== Segment start ==

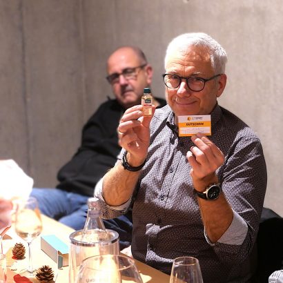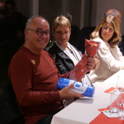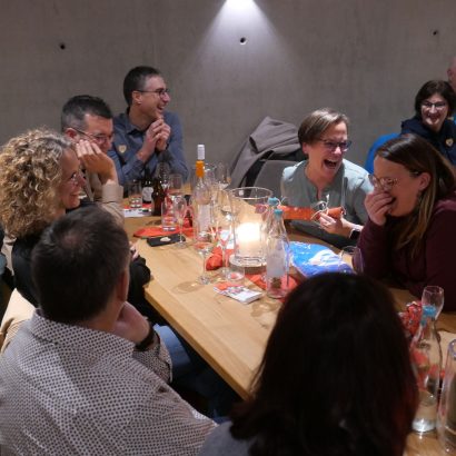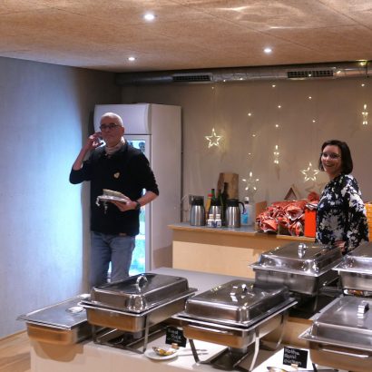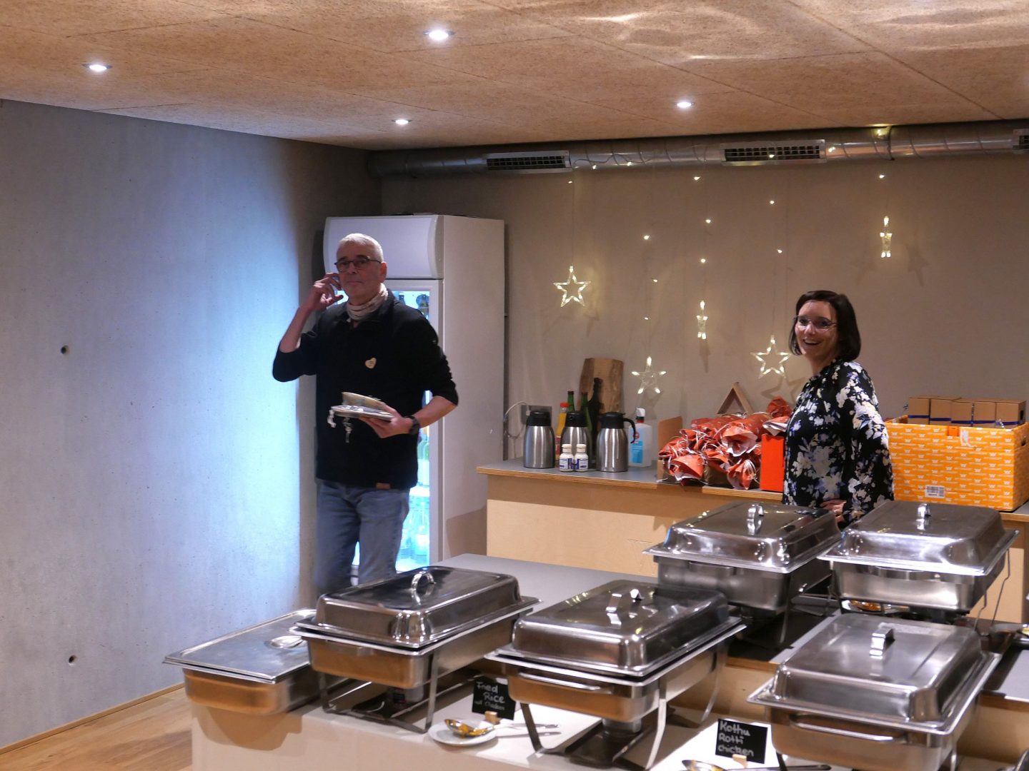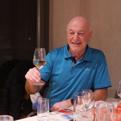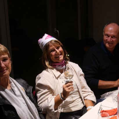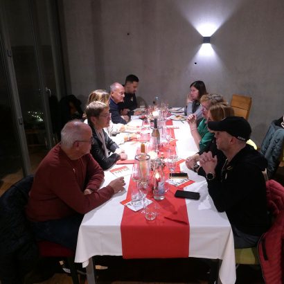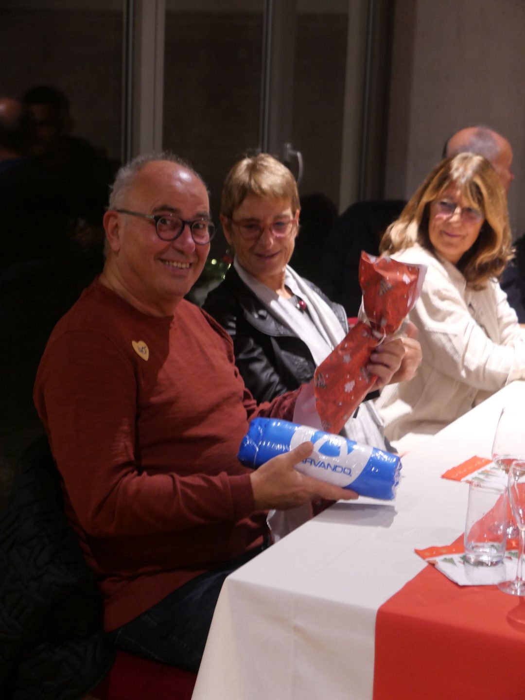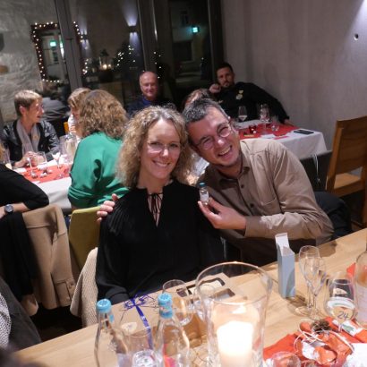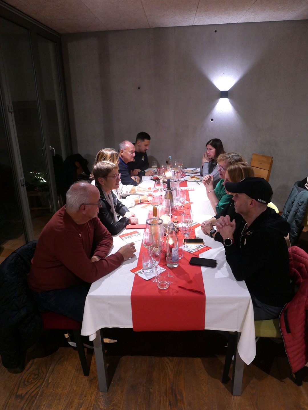 In der Weinstube ging es mit leckerem Essen vom lokalen Caterer und einer ausgesprochen überzeugenden Weinauswahl weiter. Höhepunkt des Abends war wie immer die Bescherung aus dem prall gefüllten Merchandising-Fundus – von Badetüchern über Badeöle bis hin zu Laufmützen und Buffs war alles dabei.
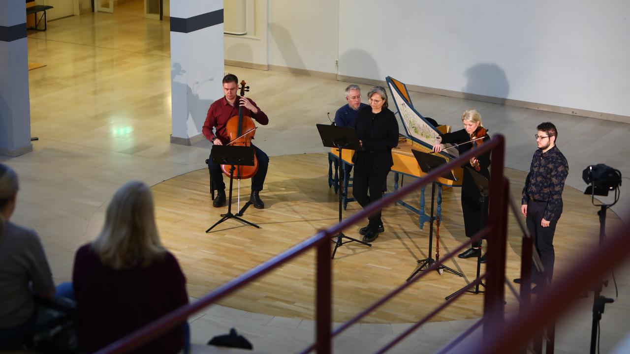 Umeå Barockensamble bjöd på konsert i Ljusgården i Lärarutbildningshuset, som en del i att uppmärksamma 250 år av judiskt liv i Sverige. Jonas Nyström på cembalo, Iris Ridder på sång, Janina Priebe, violin och Christopher Pantelidis-Hermon, barockoboe.
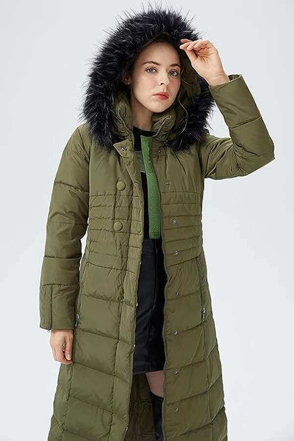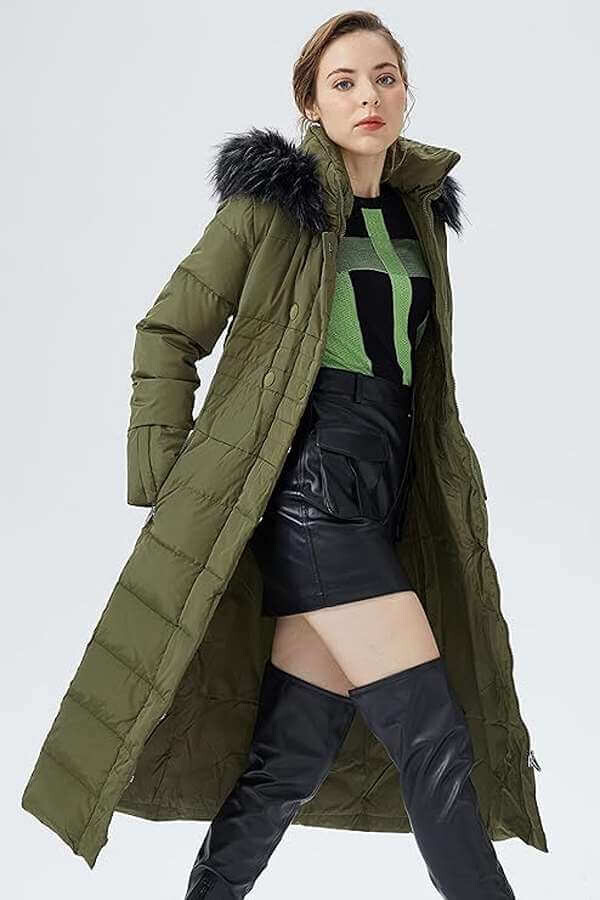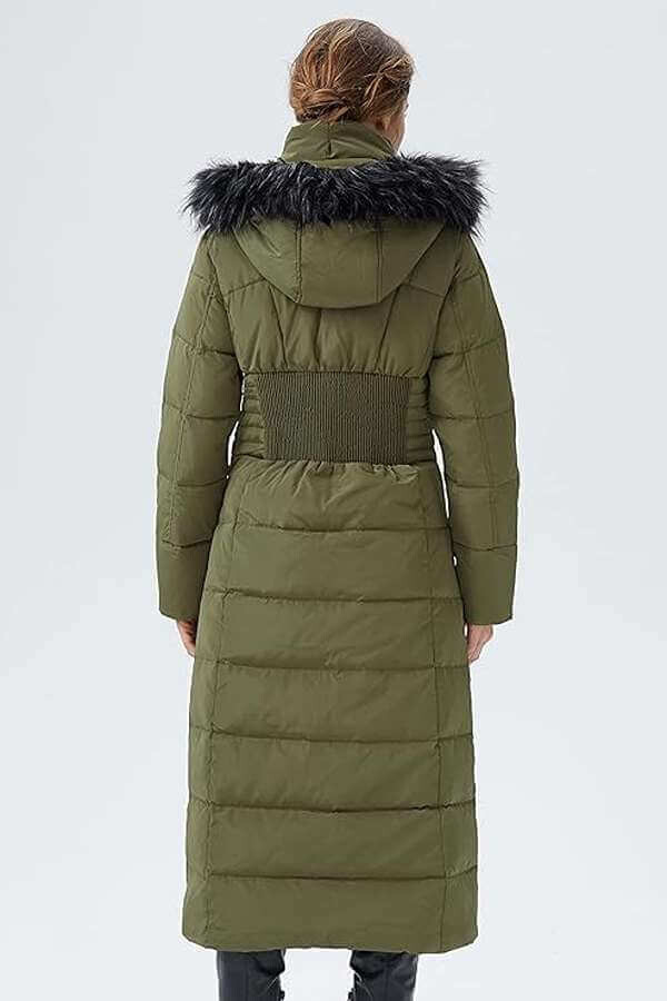 Длинный пуховик А-образного силуэта с двусторонней молнией. Съемный капюшон с отделкой из искусственного меха лучше согреет в непогоду. Эластичный дизайн спины он сохраняет стройность и тепло.
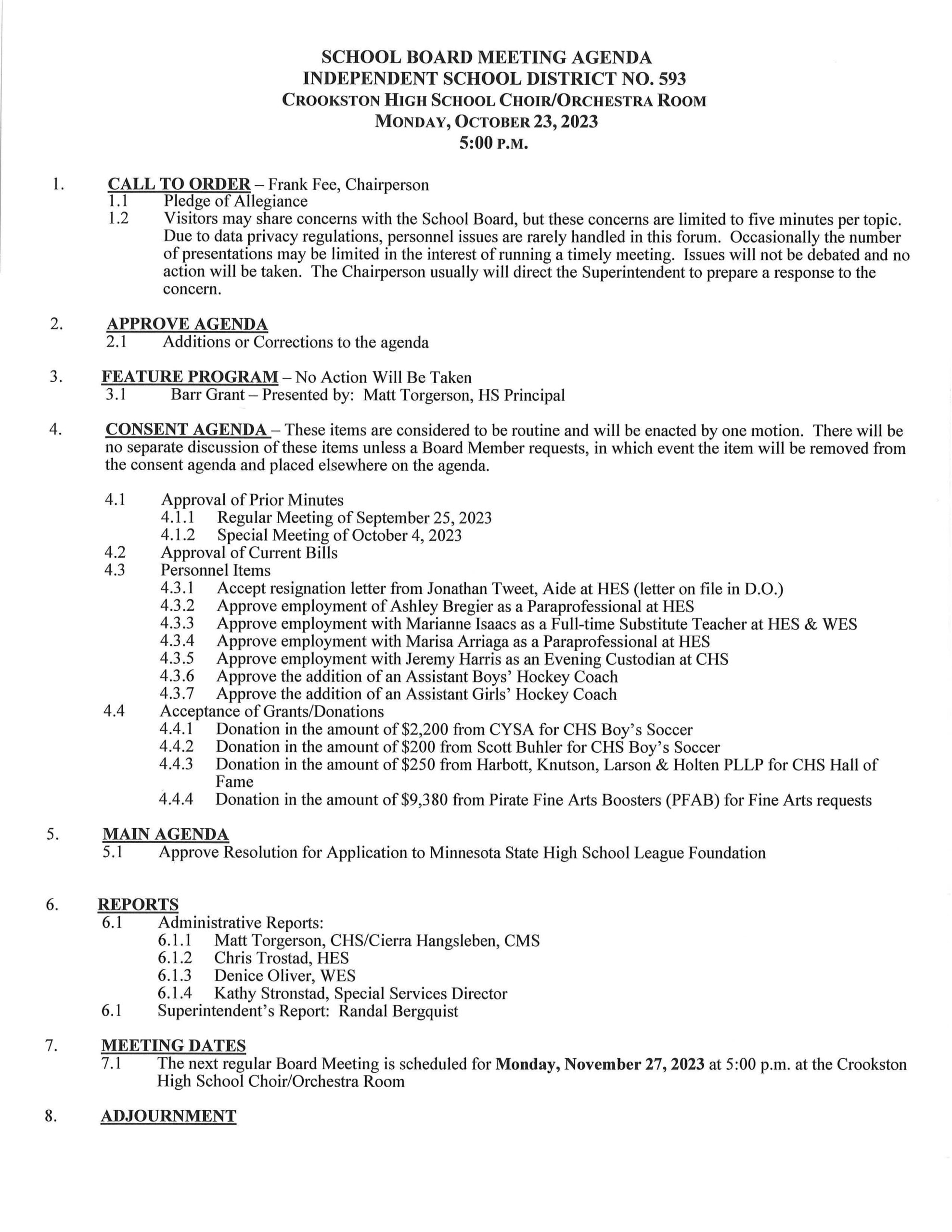 The board will be asked to add an assistant Boys Hockey and Girls Hockey coach, to accept a $2,200 donation from the Crookston Youth Soccer Association, and a $200 donation from Scott Buhler to the Boys Soccer program. They will also be asked to accept a $250 donation from Harbott, Knutson, Larson, and Holten PLLP for the Crookston High School Hall of Fame, and a donation of $9,380 from the Pirate Fine Arts Boosters (PFAB).
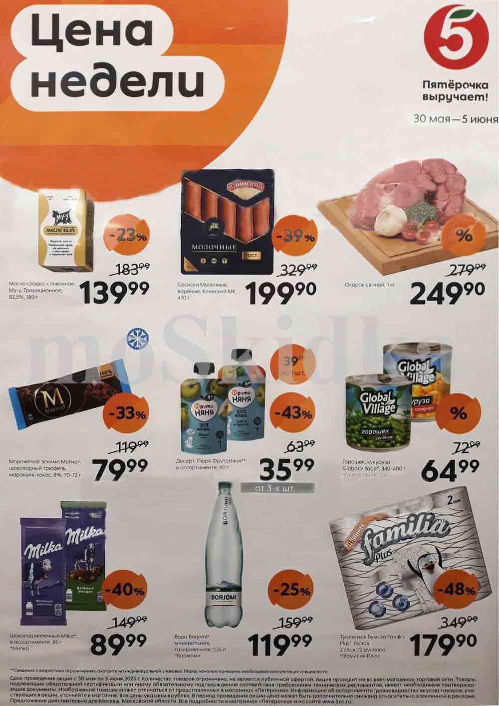 Каталог акций «Пятерочка» — это не просто скидки, это возможность сэкономить, не потеряв при этом качества продуктов. Цены по акции Пятерочка действуют в городах: Москва, Балашиха, Химки, Подольск, Королев, Мытищи, Люберцы, Электросталь, Коломна, Одинцово, Железнодорожный, Серпухов, Орехово-Зуево, Красногорск, Щелково, Сергиев Посад, Пушкино, Жуковский, Ногинск, Раменское, Клин, Воскресенск, Домодедово и многих других населенных пунктах Московского региона. Изображение акционных товаров может отличаться от представленных на полках. В течение проведения промо цена из буклета может быть дополнительно снижена.
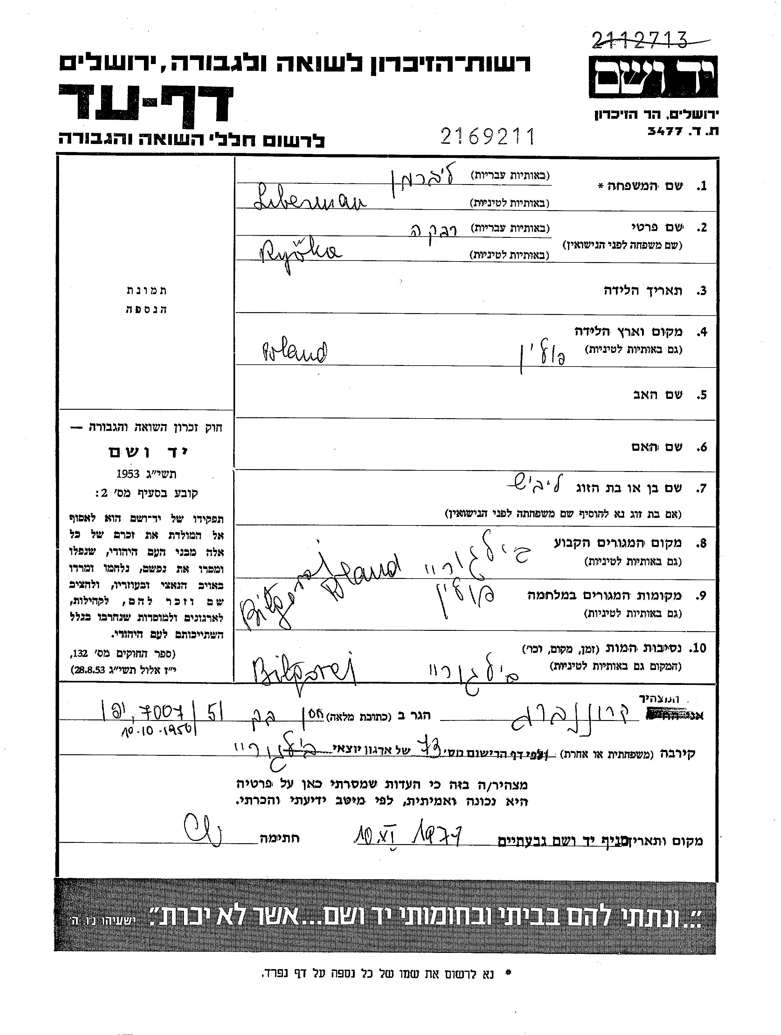 Liberman Rywka unbekannter Ort, Gedenkblatt

== Segment end ==

**Task to complete:** With the pictures left out, give again exactly the lines from the one with "The board will" through the end of the data, both included.

**Response:**
 The board will be asked to add an assistant Boys Hockey and Girls Hockey coach, to accept a $2,200 donation from the Crookston Youth Soccer Association, and a $200 donation from Scott Buhler to the Boys Soccer program. They will also be asked to accept a $250 donation from Harbott, Knutson, Larson, and Holten PLLP for the Crookston High School Hall of Fame, and a donation of $9,380 from the Pirate Fine Arts Boosters (PFAB).
 Каталог акций «Пятерочка» — это не просто скидки, это возможность сэкономить, не потеряв при этом качества продуктов. Цены по акции Пятерочка действуют в городах: Москва, Балашиха, Химки, Подольск, Королев, Мытищи, Люберцы, Электросталь, Коломна, Одинцово, Железнодорожный, Серпухов, Орехово-Зуево, Красногорск, Щелково, Сергиев Посад, Пушкино, Жуковский, Ногинск, Раменское, Клин, Воскресенск, Домодедово и многих других населенных пунктах Московского региона. Изображение акционных товаров может отличаться от представленных на полках. В течение проведения промо цена из буклета может быть дополнительно снижена.
 Liberman Rywka unbekannter Ort, Gedenkblatt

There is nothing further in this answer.